Reducing Data Cache Susceptibility to Soft Errors

  • Authors:
  • Vilas Sridharan;Hossein Asadi;Mehdi B. Tahoori;David Kaeli

  • Affiliations:
  • IEEE;IEEE;IEEE;IEEE

  • Venue:
  • IEEE Transactions on Dependable and Secure Computing
  • Year:
  • 2006

Quantified Score

Hi-index 0.00

Visualization

Abstract

Data caches are a fundamental component of most modern microprocessors. They provide for efficient read/write access to data memory. Errors occurring in the data cache can corrupt data values or state, and can easily propagate throughout the memory hierarchy. One of the main threats to data cache reliability is soft (transient, nonreproducible) errors. These errors can occur more often than hard (permanent) errors, and most often arise from Single Event Upsets (SEUs) caused by strikes from energetic particles such as neutrons and alpha particles. Many protection techniques exist for data caches; the most common are ECC (Error Correcting Codes) and parity. These protection techniques detect all single bit errors and, in the case of ECC, correct them. To make proper design decisions about which protection technique to use, accurate design-time modeling of cache reliability is crucial. In addition, as caches increase in storage capacity, another important goal is to reduce the failure rate of a cache, to limit disruption to normal system operation. In this paper, we present our modeling approach for assessing the impact of soft errors using architectural simulators. We also describe a new technique for reducing the vulnerability of data caches: refetching.
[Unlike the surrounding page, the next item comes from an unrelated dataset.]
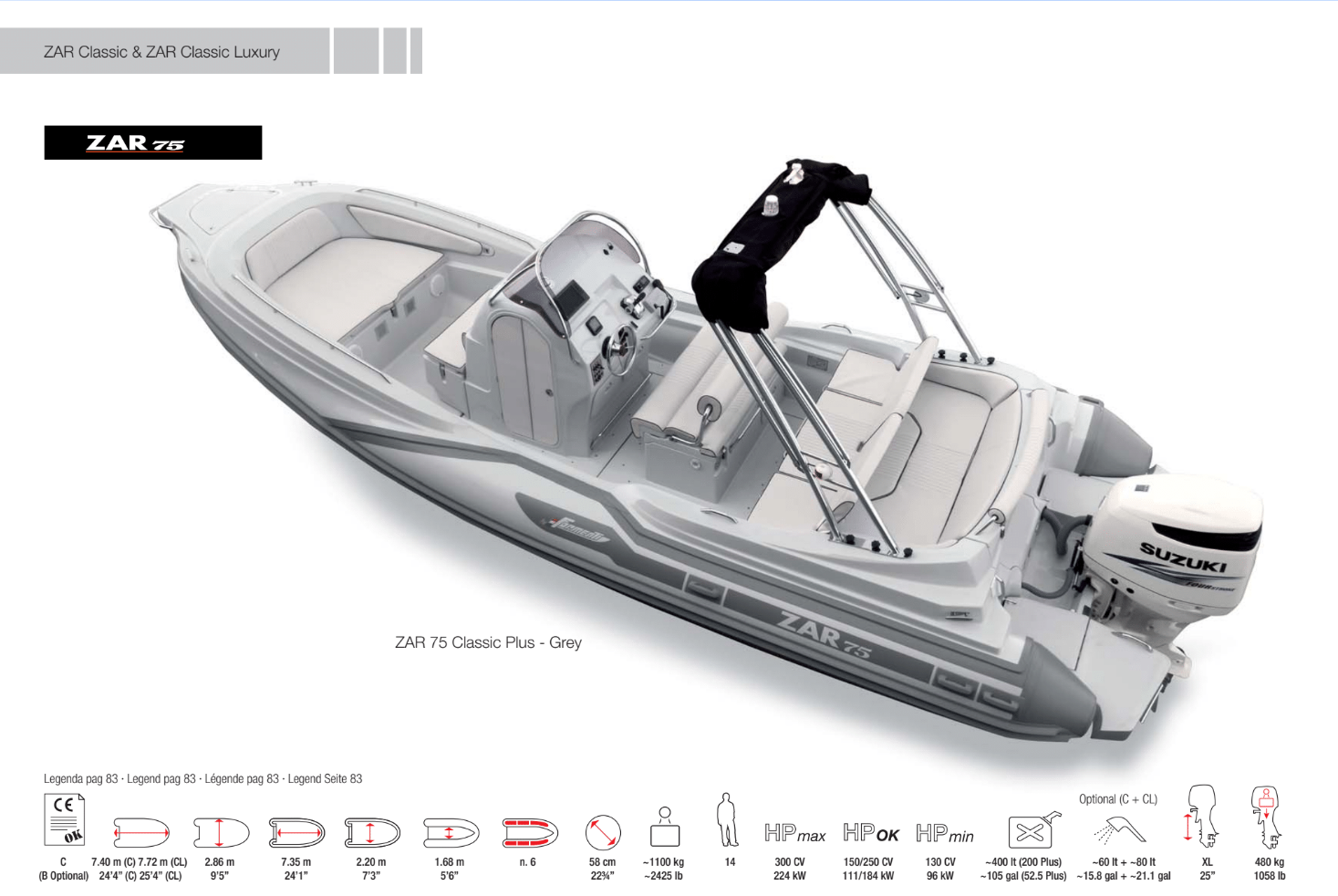 - Peso del battello a secco kg 1.100 (con equipaggiamenti di serie, senza liquidi, senza motore); dato variabile ± 10%

By selectively refetching cache lines from the ECC-protected L2 cache, we can significantly reduce the vulnerability of the L1 data cache. We discuss and present results for two different algorithms that perform selective refetch. Experimental results show that we can obtain an 85 percent decrease in vulnerability when running the SPEC2K benchmark suite while only experiencing a slight decrease in performance. Our results demonstrate that selective refetch can cost-effectively decrease the error rate of an L1 data cache.